> [Brief]: Please repeat exactly the lines below from the line with "El número de sectores" to the line with "This page presents", including both, and leave out every picture.

> [Material for the task]:
--------------------

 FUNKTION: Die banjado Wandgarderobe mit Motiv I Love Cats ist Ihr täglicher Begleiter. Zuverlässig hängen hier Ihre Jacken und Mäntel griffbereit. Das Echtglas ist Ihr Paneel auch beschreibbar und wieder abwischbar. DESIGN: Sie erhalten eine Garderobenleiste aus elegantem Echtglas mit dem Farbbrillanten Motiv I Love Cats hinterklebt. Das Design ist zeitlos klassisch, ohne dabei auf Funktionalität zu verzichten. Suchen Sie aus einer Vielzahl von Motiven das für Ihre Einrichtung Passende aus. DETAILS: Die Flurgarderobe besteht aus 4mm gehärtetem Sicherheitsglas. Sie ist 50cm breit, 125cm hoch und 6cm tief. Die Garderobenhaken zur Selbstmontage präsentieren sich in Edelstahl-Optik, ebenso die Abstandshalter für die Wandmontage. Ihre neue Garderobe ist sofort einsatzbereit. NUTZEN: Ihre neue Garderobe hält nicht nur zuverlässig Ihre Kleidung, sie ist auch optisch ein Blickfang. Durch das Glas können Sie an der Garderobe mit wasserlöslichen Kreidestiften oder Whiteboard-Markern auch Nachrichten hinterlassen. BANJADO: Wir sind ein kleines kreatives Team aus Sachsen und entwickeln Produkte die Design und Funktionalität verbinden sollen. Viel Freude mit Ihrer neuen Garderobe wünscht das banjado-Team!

--------------------

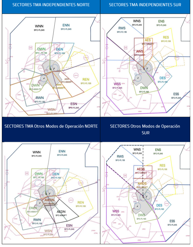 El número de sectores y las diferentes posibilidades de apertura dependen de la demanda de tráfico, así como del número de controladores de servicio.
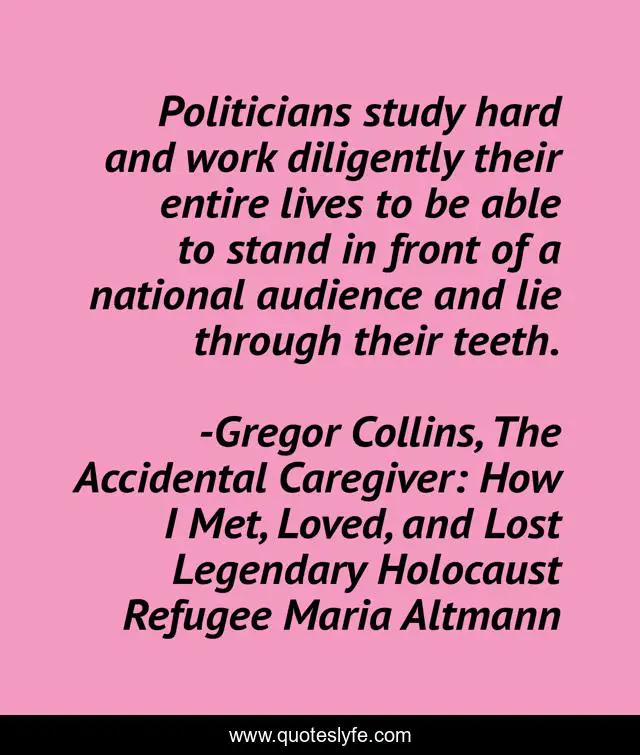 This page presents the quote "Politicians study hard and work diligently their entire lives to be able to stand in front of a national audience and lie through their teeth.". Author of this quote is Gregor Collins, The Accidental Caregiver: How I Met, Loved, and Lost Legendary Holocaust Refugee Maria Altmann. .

--------------------

> [Exercise result]:
 El número de sectores y las diferentes posibilidades de apertura dependen de la demanda de tráfico, así como del número de controladores de servicio.
 This page presents the quote "Politicians study hard and work diligently their entire lives to be able to stand in front of a national audience and lie through their teeth.". Author of this quote is Gregor Collins, The Accidental Caregiver: How I Met, Loved, and Lost Legendary Holocaust Refugee Maria Altmann. .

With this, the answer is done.